(Your goal) I'd like the entire listing output verbatim, apart from the pictures.

(Source material)

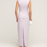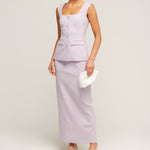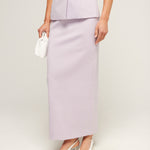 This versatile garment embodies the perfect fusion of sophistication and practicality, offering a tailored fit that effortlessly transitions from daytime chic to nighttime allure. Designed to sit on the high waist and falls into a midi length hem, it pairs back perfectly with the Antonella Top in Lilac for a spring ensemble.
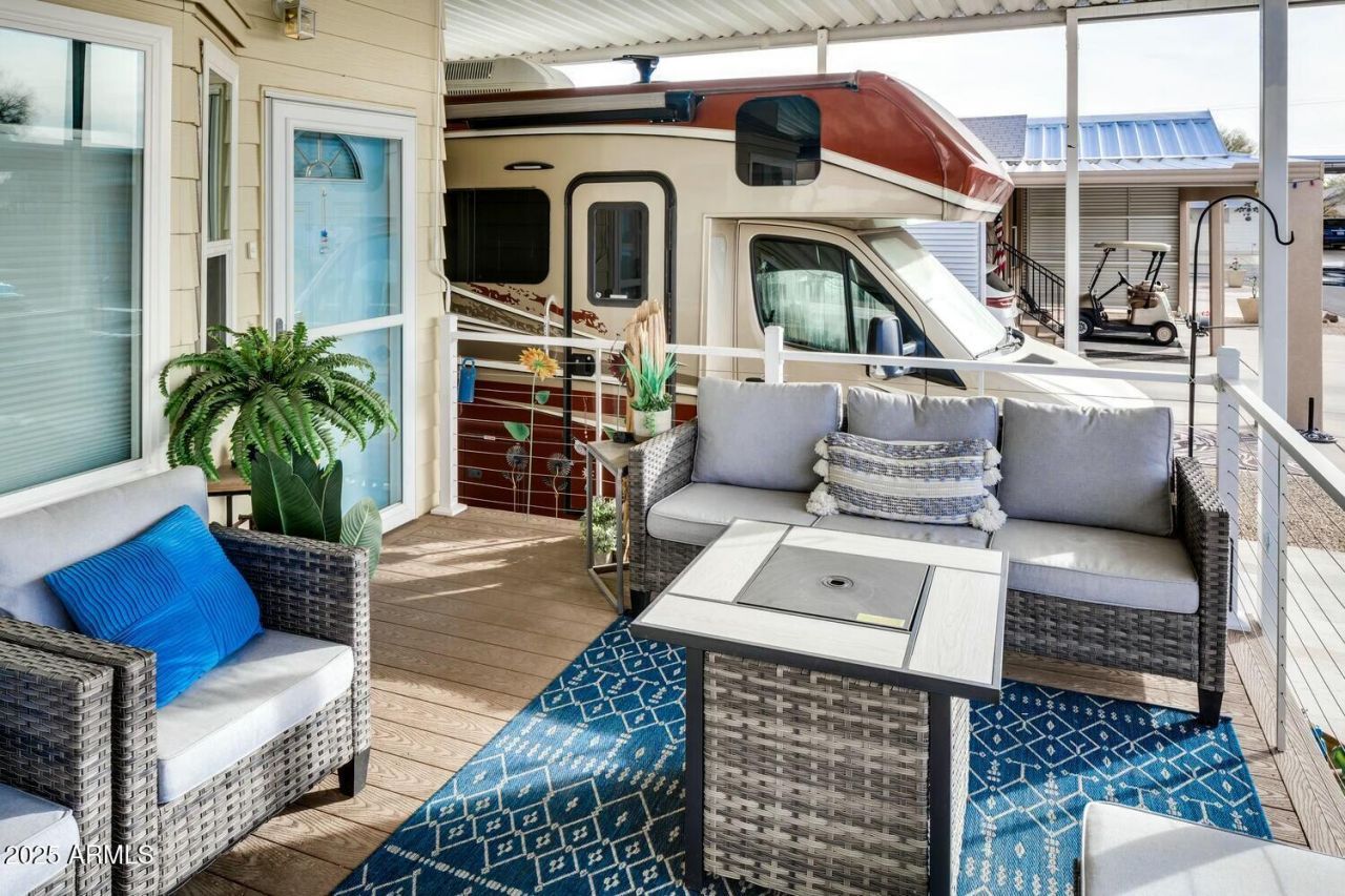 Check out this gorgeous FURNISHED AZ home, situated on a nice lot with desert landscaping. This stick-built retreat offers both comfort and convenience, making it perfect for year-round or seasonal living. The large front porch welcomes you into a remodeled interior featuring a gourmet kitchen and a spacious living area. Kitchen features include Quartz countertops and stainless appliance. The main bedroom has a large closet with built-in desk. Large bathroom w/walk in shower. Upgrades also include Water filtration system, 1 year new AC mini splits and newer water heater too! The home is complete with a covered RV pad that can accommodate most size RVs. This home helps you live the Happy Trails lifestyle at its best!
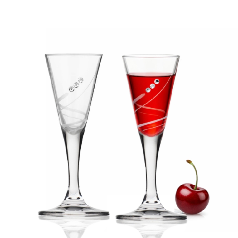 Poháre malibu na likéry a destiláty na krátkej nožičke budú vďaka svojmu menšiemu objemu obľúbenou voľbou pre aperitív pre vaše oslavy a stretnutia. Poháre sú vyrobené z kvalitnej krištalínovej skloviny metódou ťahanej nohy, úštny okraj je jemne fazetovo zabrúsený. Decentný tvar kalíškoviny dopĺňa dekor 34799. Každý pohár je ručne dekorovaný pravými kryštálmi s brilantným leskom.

(Exercise answer)
 This versatile garment embodies the perfect fusion of sophistication and practicality, offering a tailored fit that effortlessly transitions from daytime chic to nighttime allure. Designed to sit on the high waist and falls into a midi length hem, it pairs back perfectly with the Antonella Top in Lilac for a spring ensemble.
 Check out this gorgeous FURNISHED AZ home, situated on a nice lot with desert landscaping. This stick-built retreat offers both comfort and convenience, making it perfect for year-round or seasonal living. The large front porch welcomes you into a remodeled interior featuring a gourmet kitchen and a spacious living area. Kitchen features include Quartz countertops and stainless appliance. The main bedroom has a large closet with built-in desk. Large bathroom w/walk in shower. Upgrades also include Water filtration system, 1 year new AC mini splits and newer water heater too! The home is complete with a covered RV pad that can accommodate most size RVs. This home helps you live the Happy Trails lifestyle at its best!
 Poháre malibu na likéry a destiláty na krátkej nožičke budú vďaka svojmu menšiemu objemu obľúbenou voľbou pre aperitív pre vaše oslavy a stretnutia. Poháre sú vyrobené z kvalitnej krištalínovej skloviny metódou ťahanej nohy, úštny okraj je jemne fazetovo zabrúsený. Decentný tvar kalíškoviny dopĺňa dekor 34799. Každý pohár je ručne dekorovaný pravými kryštálmi s brilantným leskom.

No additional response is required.